数据来源:Kaggle在2013年公开的猫狗数据集,该数据集总共25000张图片,猫狗各12500张。
下载链接:https://www.kaggle.com/c/dogs-vs-cats/data
代码:
import os,shutil
original_dataset_diar = '/home/u/notebook_workspase/datas/dogs-vs-cats/train'#原始数据解压目录
base_dir = '/home/u/notebook_workspase/datas/dogs-cats-small-dataset'#自己保留的小数据集
os.mkdir(base_dir)
#划分后的train,validation,test目录
train_dir = os.path.join(base_dir,'train')#将多个路径组合后返回
os.mkdir(train_dir)
validation_dir = os.path.join(base_dir,'validation')
os.mkdir(validation_dir)
test_dir = os.path.join(base_dir,'test')
os.mkdir(test_dir)
#猫和狗的train,validation,test图像目录
train_cats_dir = os.path.join(train_dir,'cats')
os.mkdir(train_cats_dir)
train_dogs_dir = os.path.join(train_dir,'dogs')
os.mkdir(train_dogs_dir)
validation_cats_dir = os.path.join(validation_dir,'cats')
os.mkdir(validation_cats_dir)
validation_dogs_dir = os.path.join(validation_dir,'dogs')
os.mkdir(validation_dogs_dir)
test_cats_dir = os.path.join(test_dir,'cats')
os.mkdir(test_cats_dir)
test_dogs_dir = os.path.join(test_dir,'dogs')
os.mkdir(test_dogs_dir)
# 复制1000猫到训练目录中
fnames = ['cat.{}.jpg'.format(i) for i in range(1000)]
for fname in fnames:
src = os.path.join(original_dataset_diar,fname)
dst = os.path.join(train_cats_dir,fname)
shutil.copyfile(src,dst)
# 500张猫的验证图片,依次类推
fnames = ['cat.{}.jpg'.format(i) for i in range(1000,1500)]
for fname in fnames:
src = os.path.join(original_dataset_diar,fname)
dst = os.path.join(validation_cats_dir,fname)
shutil.copyfile(src,dst)
fnames = ['cat.{}.jpg'.format(i) for i in range(1500,2000)]
for fname in fnames:
src = os.path.join(original_dataset_diar,fname)
dst = os.path.join(test_cats_dir,fname)
shutil.copyfile(src,dst)
fnames = ['dog.{}.jpg'.format(i) for i in range(1000)]
for fname in fnames:
src = os.path.join(original_dataset_diar,fname)
dst = os.path.join(train_dogs_dir,fname)
shutil.copyfile(src,dst)
fnames = ['dog.{}.jpg'.format(i) for i in range(1000,1500)]
for fname in fnames:
src = os.path.join(original_dataset_diar,fname)
dst = os.path.join(validation_dogs_dir,fname)
shutil.copyfile(src,dst)
fnames = ['dog.{}.jpg'.format(i) for i in range(1500,2000)]
for fname in fnames:
src = os.path.join(original_dataset_diar,fname)
dst = os.path.join(test_dogs_dir,fname)
shutil.copyfile(src,dst)
print(len(os.listdir(train_cats_dir)))
print(len(os.listdir(train_dogs_dir)))
print(len(os.listdir(validation_cats_dir)))
print(len(os.listdir(validation_dogs_dir)))
print(len(os.listdir(test_dogs_dir)))
from keras import layers
from keras import models
model = models.Sequential()
model.add(layers.Conv2D(32,(3,3),activation='relu',input_shape=(150,150,3)))
model.add(layers.MaxPool2D((2,2)))
model.add(layers.Conv2D(64,(3,3),activation='relu'))
model.add(layers.MaxPool2D((2,2)))
model.add(layers.Conv2D(128,(3,3),activation='relu',))

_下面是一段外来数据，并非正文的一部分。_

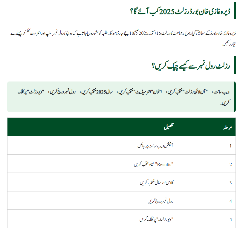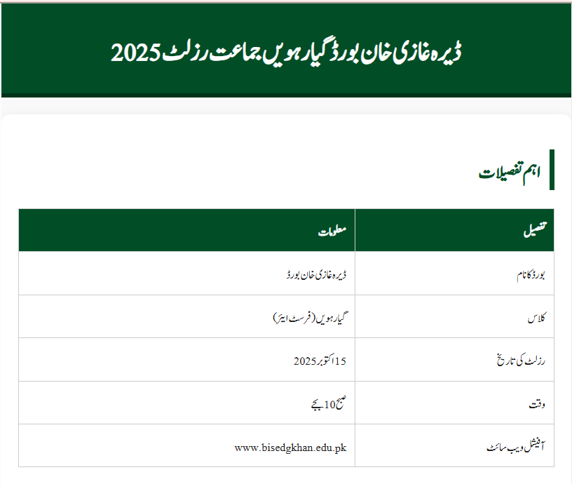 The most searched question is: When will the result be released? According to the D.G. Khan Board, the BISE D.G. Khan Board 11th Class Result will be announced on October 15, 2025, at 10:00 AM. Students are advised to keep their roll numbers and internet connection ready to check their results on time without delays.
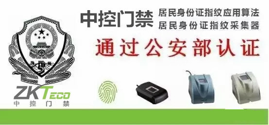 中控門禁“居民身份證指紋算法及采集器”通過公安部認證
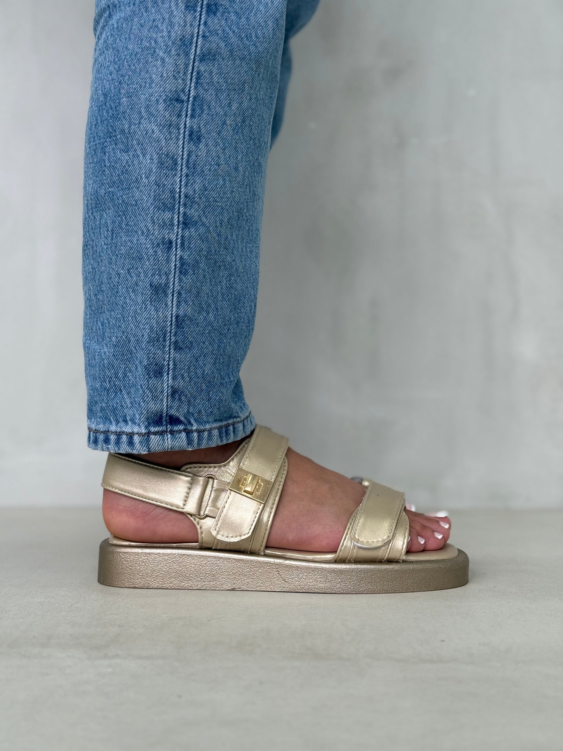 Estas sandalias beige metálicas combinan un diseño moderno con la máxima comodidad. Su acabado brillante y broches ajustables aportan un toque sofisticado sin perder la practicidad del día a día. Ideales para acompañar jeans, vestidos o looks veraniegos con un toque elegante y relajado.
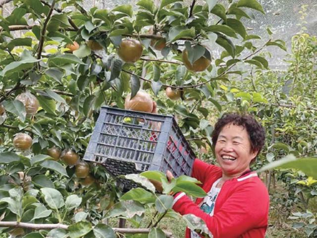 山东省聊城市东昌府区侯营镇多角度多方位探索乡村振兴的路径,积极发挥全省乡村振兴“十百千”工程示范镇的模范带头作用,加快农业结构调整,充分利用高铁旅游、近郊旅游优势,发展“油葵花海”“水果采摘”“月季大道”等乡村旅游精品、特色田园项目,打造集旅游、养生、养老等功能于一体的秀美乡镇。同时围绕梨、油葵、葡萄等发展农副产品精深加工业,延伸农业产业链条,着力培育高端、绿色、优质农产品。图为游客在果园里采摘成熟的水果。张琳摄(农民日报11月7日7版)
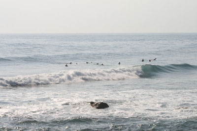 左側礁岩區有許多暗石,注意腳下小心划水,歪爆(wipeout)時保護頭部安全
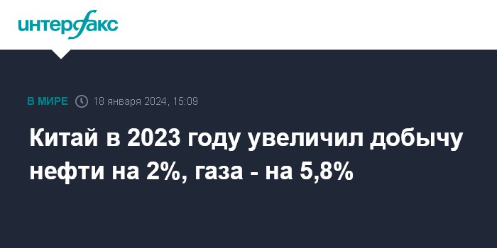 Китай в 2023 году увеличил добычу нефти на 2%, газа - на 5,8%

model.add(layers.MaxPool2D((2,2)))
model.add(layers.Conv2D(128,(3,3),activation='relu',))
model.add(layers.MaxPool2D((2,2)))
model.add(layers.Flatten())
model.add(layers.Dense(512,activation='relu'))
model.add(layers.Dense(1,activation='sigmoid'))
Using TensorFlow backend.
model.summary()
# 编译
from keras import optimizers
model.compile(loss='binary_crossentropy',
optimizer=optimizers.RMSprop(lr = 1e-4),
metrics=['acc'])
from keras.preprocessing.image import ImageDataGenerator
train_datagen = ImageDataGenerator(rescale=1./255)
test_datagen = ImageDataGenerator(rescale=1./255)
train_generator = train_datagen.flow_from_directory(
train_dir, # 目标目录
target_size=(150, 150), # 所有图像调整为150x150
batch_size=20,
class_mode='binary') # 二进制标签
validation_generator = test_datagen.flow_from_directory(
validation_dir,
target_size=(150, 150),
batch_size=20,
class_mode='binary')
history = model.fit_generator(
train_generator,#python 生成器
steps_per_epoch=100,#100批次
epochs=30,
validation_data=validation_generator,
validation_steps=50)
model.save('cat-dog-small-1.h5')#保存模型
import matplotlib.pyplot as plt
%matplotlib inline
loss = history.history['loss']
val_loss = history.history['val_loss']
acc = history.history['acc']
val_acc = history.history['val_acc']
epochs = range(1,len(acc)+1)
plt.plot(epochs,acc,'bo',label = 'Training acc')
plt.plot(epochs,val_acc,'b',label = 'Validation acc')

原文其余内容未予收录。